Design Pastebin - System Design

System requirements

Functional:

Users

Web Interface
API Access

Users can paste the text snippets for short period on time - Casual Users

Character limit is 20 k

Size of the paste per user - 200 MB

Automatically deleted after 30 days

Non-Functional:

Total users - 100,00 users

Daily active users = 10,000

Availability - 99.9 %

Latency - 500 ms

Key Business KPI's:

Number of shared snippets created
Number of Daily Active Users

Capacity estimation

Lets first calculate the bandwidth :

QPS = 100,000 * 5 / 10,000 = 5 pastes/second

Peak QPS = 2 * QPS = 10 pastes/second

Read to write ratio is 5:1

So read QPS = 10 reqs/second

Storage

10,000 * 5 * 200 *10^6 = 10 TB / day

For 30 days

300 TB

Cache Size = 10 TB * .2 = 2 TB

API design

Create paste

/api/v1/create_paste - POST method - 201 OK

payload{

user_id:

paste_name:

expiry:

content:

}

Get Paste

/api/v1/paste_id -- 200K if found , 404 if not found

{

paste_id

}

Delete Paste

/api/v1/paste_id

{

paste_id

}

Database design

We will need two tables

One for storing user data and one for storing metadata for the pastes themselves

use Table

user_id, name, email , createdAt

paste Table

paste_id, user_id, paste_name, expiryDate

The data itself suits well for a noSQL data type mostly because we are not looking for strong ACID properties and also the data is not very relational.
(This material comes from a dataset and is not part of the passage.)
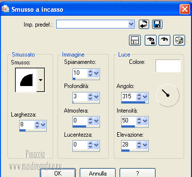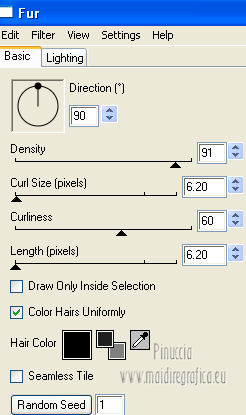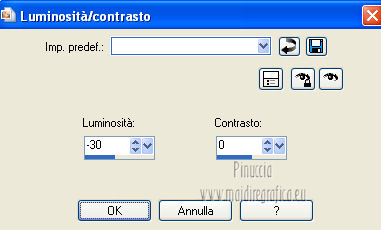 qui puoi trovare qualche risposta ai tuoi dubbi. Se l'argomento che ti interessa non è presente, ti prego di segnalarmelo. Questo tutorial è stato scritto con PSP 9. Per tradurlo, ho usato PSP X. Occorrente: Materiale qui I tubes sono di Guismo, Nikita, Jet, Marcio e Silke. (in questa pagina trovi i links ai loro siti). Se vuoi condividere i tubes, per favore rispetta il lavoro degli autori, e lascia intatto il livello del watermark. Filtri Eye Candy 4000 qui ![]() Apri una nuova immagine trasparente 700 x 500 pixels. Imposta il colore di primo piano con #202020, e il colore di sfondo con #808080. Riempi l'immagine trasparente con il colore di primo piano.Apri il tube calguismistedseasun5710 e vai a Modifica>Copia. Torna al tuo lavoro e vai a Modifica>Incolla come nuovo livello. Immagine>Rifletti. Spostalo a destra.Cambia la modalità di miscelatura di questo livello in Luminanza (esistente). Apri il tube 1293040178_paysages e vai a Modifica>Copia. Torna al tuo lavoro e vai a Modifica>Incolla come nuovo livello. Immagine>Rifletti. Spostalo un po' più in basso a sinistra.Cambia la modalità di miscelatura di questo livello in Luminanza (esistente). ![]() Apri il tube SKF_Landscape224 e vai a Modifica>Copia. Torna al tuo lavoro e vai a Modifica>Incolla come nuovo livello. Immagine>Rifletti. Immagine>Ridimensiona, al 45%, tutti i livelli non selezionato. ![]() Regola>Luminosità e contrasto>Luminosità e contrasto. ![]() Spostalo in basso a sinistra.Cambia la modalità di miscelatura di questo livello in Luminanza (esistente). Apri il tube mc2653 e vai a Modifica>Copia. Torna al tuo lavoro e vai a Modifica>Incolla come nuovo livello. Immagine>Ridimensiona, 2 volte al 45%, tutti i livelli non selezionato. Regola>Messa a fuoco>Maschera di contrasto. ![]() Spostalo in alto a destra.Effetti>Effetti 3D>Sfalsa ombra. ![]() Cambia la modalità di miscelatura di questo livello in Luminanza (esistente), e abbassa l'opacità all'88%. ![]() Apri il tube jet-woman3 e vai a Modifica>Copia. Torna al tuo lavoro e vai a Modifica>Incolla come nuovo livello. Immagine>Rifletti. Immagine>Ridimensiona, all'80%, tutti i livelli non selezionato. Regola>Messa a fuoco>Maschera di contrasto, con i settaggi precedenti. Effetti>Effetti 3D>Sfalsa ombra, con i settaggi precedenti. Sposta come nel mio esempio.Cambia la modalità di miscelatura di questo livello in Luminanza (esistente). ![]() Immagine>Aggiungi bordatura, 1 pixel, simmetriche, con il colore #808080, Immagine>Aggiungi bordatura, 10 pixels, simmetriche, con il colore #000000. Immagine>Aggiungi bordatura, 25 pixels, simmetriche, con il colore #808080. Immagine>Aggiungi bordatura, 10 pixels, simmetriche, con il colore #000000. Immagine>Aggiungi bordatura, 1 pixel, simmetriche, con il colore #808080. Attiva lo strumento Bacchetta magica ![]() ![]() e clicca nel bordo da 25 pixels per selezionarlo. Effetti>Plugins>Eye Candy 4000 - Fur. ![]() Regola>Messa a fuoco>Accentua messa a fuoco. Effetti>Effetti 3D>Smusso a incasso. ![]() Selezione>Deseleziona. Apri il file di testo I don't wanna hurt, e vai a Modifica>Copia. Torna al tuo lavoro e vai a Modifica>Incolla come nuovo livello. Posiziona il testo dove preferisci, o vedi il mio esempio.Aggiungi il tuo nome e/o il tuo watermark su un nuovo livello. Livelli>Unisci>Unisci tutto e salva in formato jpg. ![]() Se hai problemi o dubbi, o trovi un link non funzionante, o anche soltanto per dirmi che ti è piaciuto, scrivimi 3 Gennaio 2013 |

Also its very easy to scale as we add expand more and more to new countries

For storing the paste itself we will be using a blob store like S3 as they are well suited for this kind of purpose.

High-level design

You should identify enough components that are needed to solve the actual problem from end to end. Also remember to draw a block diagram using the diagramming tool to augment your design. If you are unfamiliar with the tool, you can simply describe your design to the chat bot and ask it to generate a starter diagram for you to modify...

Request flows

Usecase 1: Creating a paste

The user visits the website and pastes the content and give it a paste name, the request then is passed onto the LB which then picks up an app server which hosts the API, we call create paste API, the app server stores the metadata in the NoSQL DB and stores the paste in the S3 storage system

Usecase 2:

When the user accesses the paste then enter the shortURL , we then call the GET API which gets the metadata from the DB and file from the S3 and returns the paste and the data, if its not found we return a 404 for API and in the UI we can show an error.

Detailed component design

We will talk about how we generate the alias for the paste, we will generate the alias using a key generator service which generates an id and stores it in the DB. The keys are pregenerated and stored in the DB and every time a request comes to the app server , it will then call the key gen service which will fetch the key and mark it as used in the key gen.

Trade offs/Tech choices

I have used S3 as the storage as it gives us a lot of features that will help scale the system and also help us achieve some of the KPI's mentioned like

As the system becomes popular we will need more storage S3 offers infinite storage , we can setup rules for autocleanup to reclaim space, we can also have more durability of the data, there is also versioning which can help us with collaborative editing.
NoSQL DB means its easy to update the new schema without having to run expensive migrations which may result in downtime. Its also easy to perform horizontal scaling. We will be not having strong ACID.
Since we are talking about low latency NoSQL database and S3 support eventual consistency to support this.
We will be using redis as a cache for speeding as it supports sorting and access to data structures.
Implementt background processes to ensure data consistency between NoSQL and S3, implement some sort of atomic operations between S3 and noSQL so that they can be rolled abck if necessary.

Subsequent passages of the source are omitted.